• Assignment
Beginning with the line where "Willkommen bei RittersbacherAutohandelsgesellschaft" appears, restate each line word for word until the data ends. Pictures do not go in.
Start of Supplied data
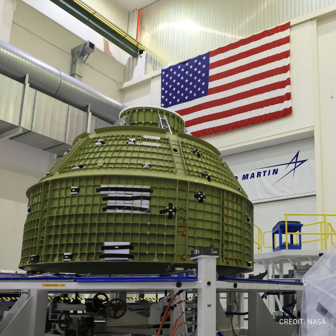 Корпус высокого давления «Орион» для аппарата «Артемида-5» — основная конструкция, в которой поддерживается сжатая атмосфера, необходимая астронавтам для жизни во время миссии на Луну и обратно — недавно был отправлен в NASAKennedy
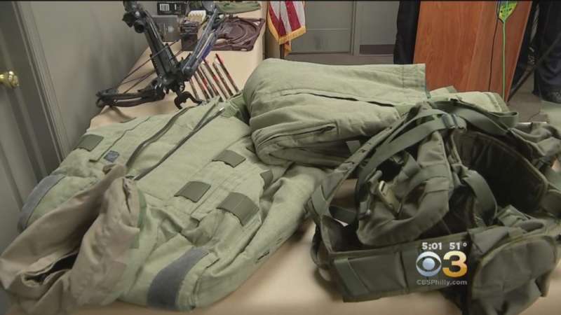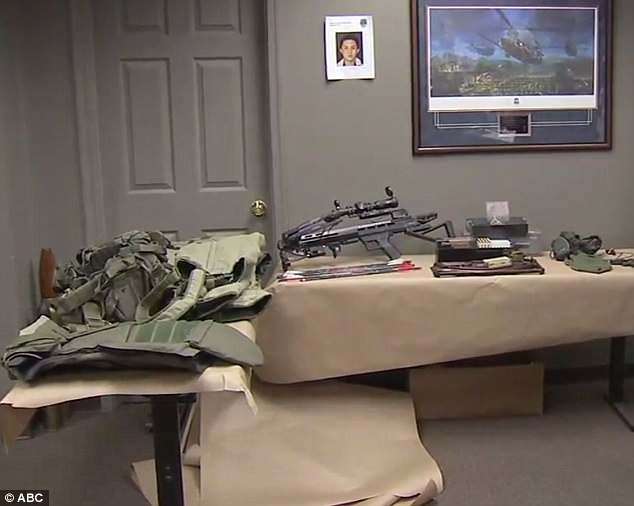 ▼孫安佐被逮捕後,稱之前只是開玩笑,沒想要恐攻。但現在正是美國校園槍擊頻傳的敏感時機,警方不敢懈怠,還是搜查了他的房間。他的住處藏有一件軍用防彈背心、加裝望遠鏡及燈光的強力十字弓以及弓箭、29發9公厘子彈、一個軍用滑雪面罩、槍枝專用隔音耳罩,和一種名為「garrote」的鐵環絞首裝置。
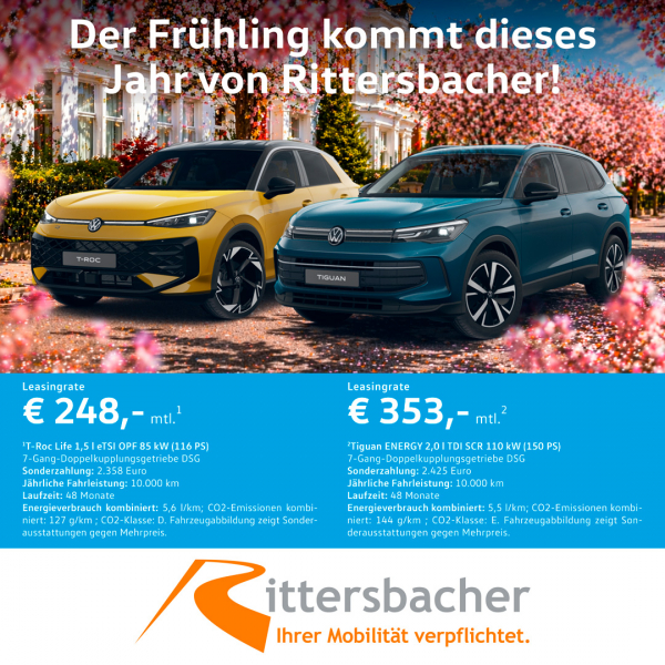 Willkommen bei RittersbacherAutohandelsgesellschaft mbH Georg RittersbacherHerzlich willkommen bei der Rittersbacher-Gruppe! Ihrer Mobilität verpflichtet. Haben Sie Fragen rund um das Thema Automobil? Dann sind wir Ihr Ansprechpartner. Wir bieten Ihnen mit den Marken Volkswagen, VW Nutzfahrzeuge, Audi, Porsche und SKODA eine breite Palette an unterschiedlichsten Fahrzeugen für alle Bereiche Ihres Lebens.
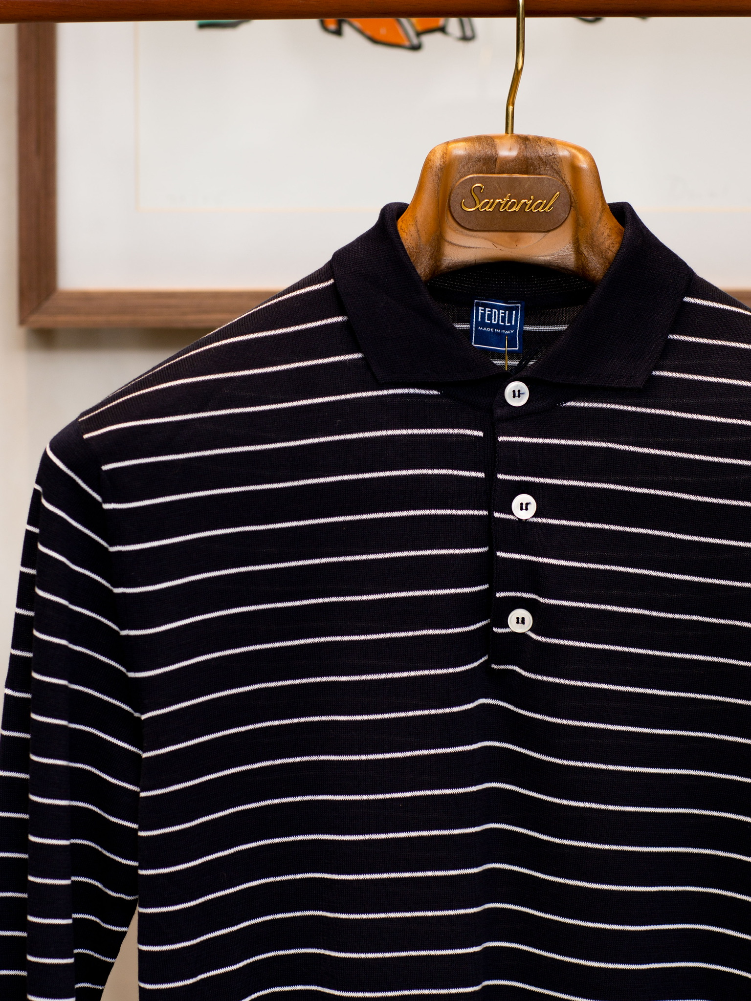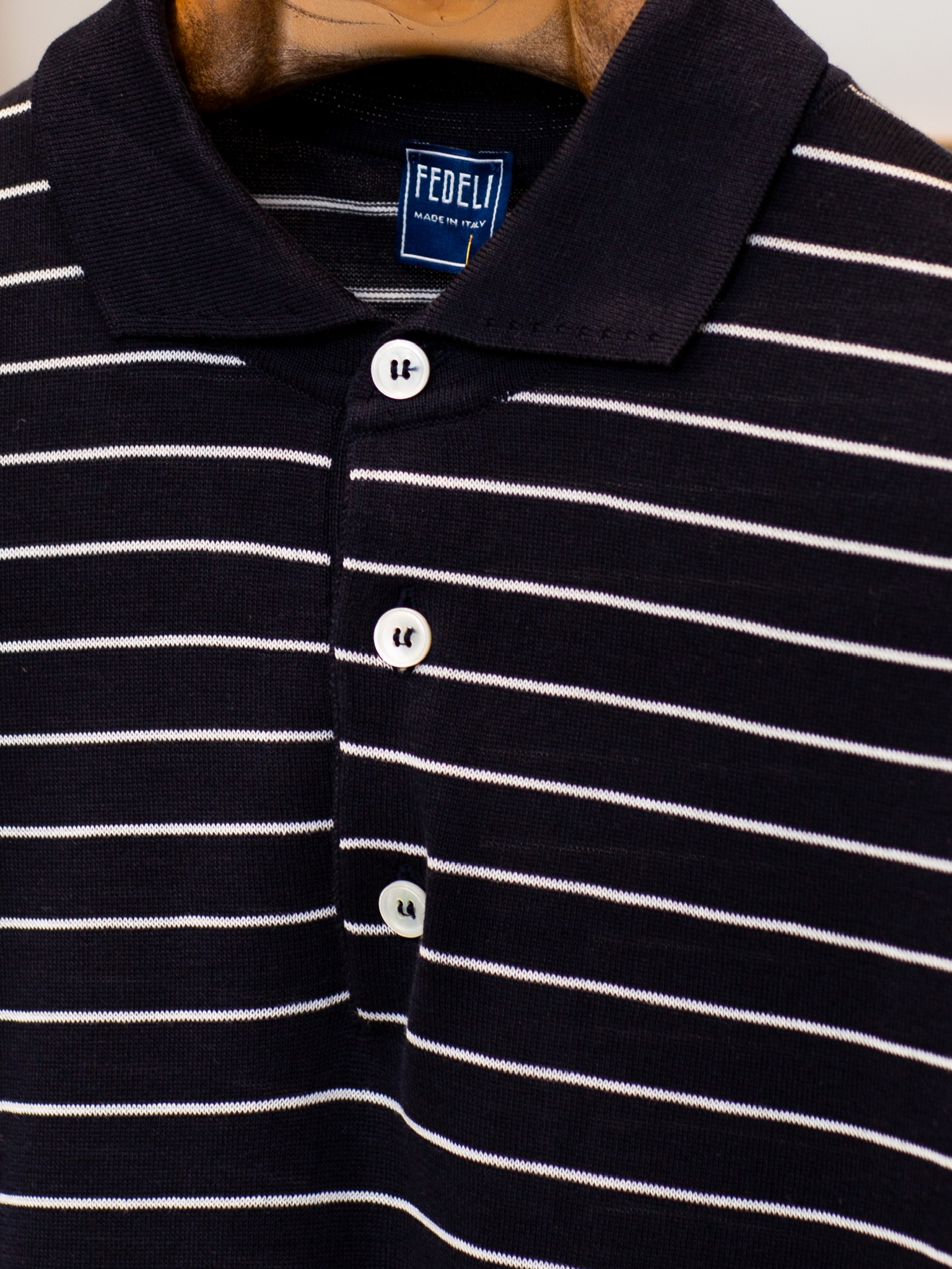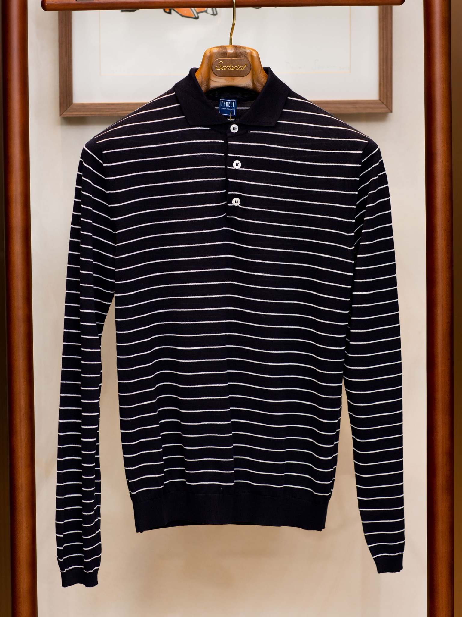 Fedeli 藏蓝条纹长袖Polo
End of Supplied data
• Reply
 Willkommen bei RittersbacherAutohandelsgesellschaft mbH Georg RittersbacherHerzlich willkommen bei der Rittersbacher-Gruppe! Ihrer Mobilität verpflichtet. Haben Sie Fragen rund um das Thema Automobil? Dann sind wir Ihr Ansprechpartner. Wir bieten Ihnen mit den Marken Volkswagen, VW Nutzfahrzeuge, Audi, Porsche und SKODA eine breite Palette an unterschiedlichsten Fahrzeugen für alle Bereiche Ihres Lebens.
 Fedeli 藏蓝条纹长袖Polo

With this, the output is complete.